Online dating numbers continue to rise

In more ways than one, it seems, we are spending more time than ever viewing the world through one browser or another. With a whole host of social activities only a few clicks away, the realm beyond the laptop can be brought instantly into our living rooms every night of the week.

According to recent research by online dating agency groups, it’s not only recognised social media outlets receiving such close attention.

Any stigma once attached to looking for love through digital dating agencies has long since exiled. However, few expected online dating websites to become as popular as their growing audience figures suggest.

The results appear to confirm that visitors to their sites much prefer pawing over the profiles of its populous than perusing prospective partners on other platforms, such as facebook, Twitter and their rising rival, Google plus.
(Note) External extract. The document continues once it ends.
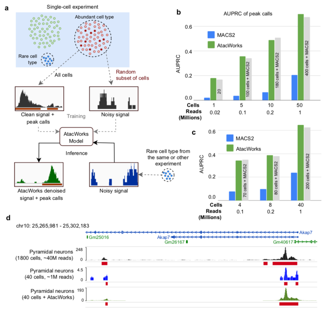 为解决上述挑战,NVIDIA公司和哈佛大学的研究团队联合开发了AtacWorks深度学习工具包,可对整个基因组进行推断,提高单细胞实验的灵敏度,并显著减少运行稀有类型单细胞实验所需的时间和成本。该研究成果发表在Nature Communications上,文章题为“Deep learning-based enhancement of epigenomics data with AtacWorks”。

However, there are worrying statistics which suggest online dating devotees may be neglecting the real world completely, the one full of living, breathing singletons with whom genuine intercourse exists, in favour of forums, instant messages uploaded photo albums.

As such an unsettling question has been raised: are adults who use matchmaking services online becoming obsessed?

It is not singularly the act of its membership scrolling page after page of like-minded love-seekers causing consternation, for both paid and free online dating agencies, but also the worry that individuals are revelling in the dream itself. Clinging to the hope that their one true love exists just beyond that 14” plasma screen, before which they sit for hour after hour, seems preferable to risking bursting that bubble.

And that is exactly the point that the dating agency representatives who conducted the survey are trying underline. Contributions through their membership fees continue to arrive, month after month, but where are the subsequent success stories?

Of course users of singles dating sites should spend an appropriate amount of time perfecting their own profiles in order to attract that perfect partner. But feedback suggests that members are spending an inordinate amount of their online time touching up their own profile. A more worrying conclusion drawn from this is that members are indulging in their online self rather than actively seeking to approach genuine date candidates, in both the real world and the ever-growing virtual world, too.

The worry for owners of online and adult dating services now recognising this trend is that sectors of its membership are not getting their money’s worth of the services for which they are paying. These ‘personals’ sites, to which they are occasionally referred, offer real opportunities to find love online if the platform is used in the manner intended.

One possible reaction, once members recognise that they have paid membership fees for any length of time but never actually acted upon a request to date, is that they will look to blame the online dating service in question rather than themselves.

This is press that the dating industry, which has worked incredibly hard to assure its solid reputation, is understandably keen to avoid.

So, if you have a success story and found your perfect match online through a dating agency, let them know; they are waiting to hear from you, now.